■ **Material provided**:

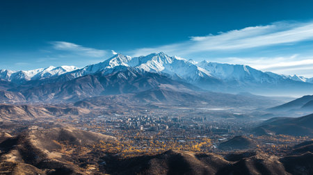 Landscape snow-capped mountains over Almaty in the morning
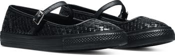 A kicked-up look with a pared-down profile, this ultralow-top sneaker stays fresh with a breathable openwork upper and a pair of slender mary jane straps. The glossy cupsole and All Star license plate keep every step grounded in heritage details and sneakerhead approval.
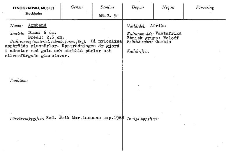 ETNOGRAFISKA MUSEET Stockholm Gen.nr Saml.nr .6.8 2. 5) Dep.nr Neg.nr Förvaring Namn: Armband Storlek: Diam: 6 cm. Bredd: 2,5 cm. Beskrivning (material, teknik, form, färg): På nylonlina uppträdda glaspärlor. Uppträdningen är gjord i mönster med gula och mörkblå pärlor och silverfärgade glasstavar. Funktion: Förvärvsuppgifter: Red. Erik Martinssons exp.196 Världsdel: Afrika Kulturområde: Väst afrika Etnisk grupp: Woloff Politisk enhet: Gambia Källskrifter: Övriga uppgifter: [ocr]Stäng
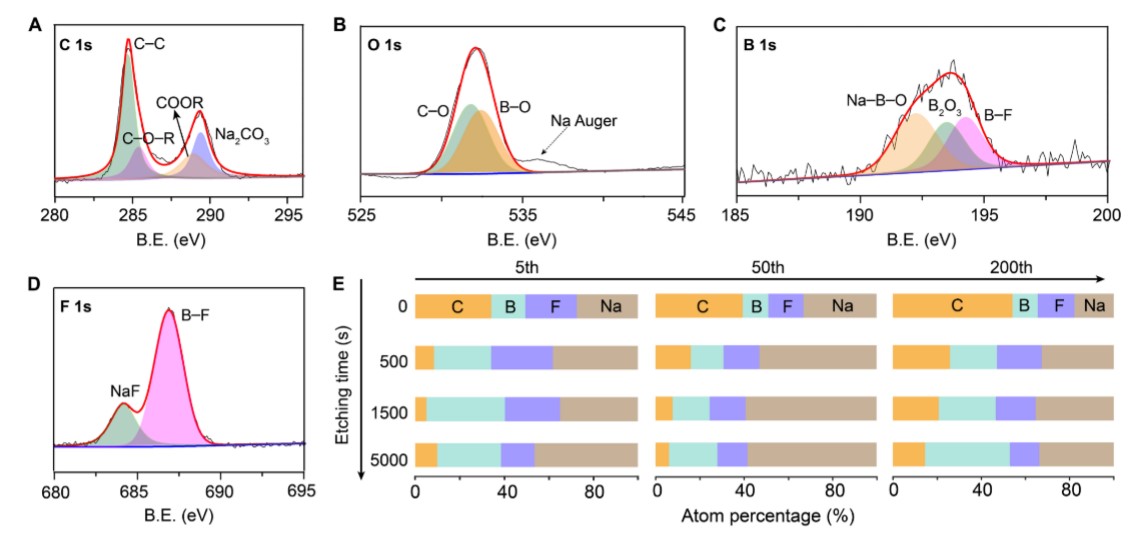 (e) 不同循环阶段的Na电极 (5th, 50th, 200th) 表面碳、硼、氟和钠原子含量随Ar离子刻蚀时间的变化

■ **Prompt**: Hand back the data exactly as it appears, with all pictures cut.

■ **Answer section**:
 Landscape snow-capped mountains over Almaty in the morning
 A kicked-up look with a pared-down profile, this ultralow-top sneaker stays fresh with a breathable openwork upper and a pair of slender mary jane straps. The glossy cupsole and All Star license plate keep every step grounded in heritage details and sneakerhead approval.
 ETNOGRAFISKA MUSEET Stockholm Gen.nr Saml.nr .6.8 2. 5) Dep.nr Neg.nr Förvaring Namn: Armband Storlek: Diam: 6 cm. Bredd: 2,5 cm. Beskrivning (material, teknik, form, färg): På nylonlina uppträdda glaspärlor. Uppträdningen är gjord i mönster med gula och mörkblå pärlor och silverfärgade glasstavar. Funktion: Förvärvsuppgifter: Red. Erik Martinssons exp.196 Världsdel: Afrika Kulturområde: Väst afrika Etnisk grupp: Woloff Politisk enhet: Gambia Källskrifter: Övriga uppgifter: [ocr]Stäng
 (e) 不同循环阶段的Na电极 (5th, 50th, 200th) 表面碳、硼、氟和钠原子含量随Ar离子刻蚀时间的变化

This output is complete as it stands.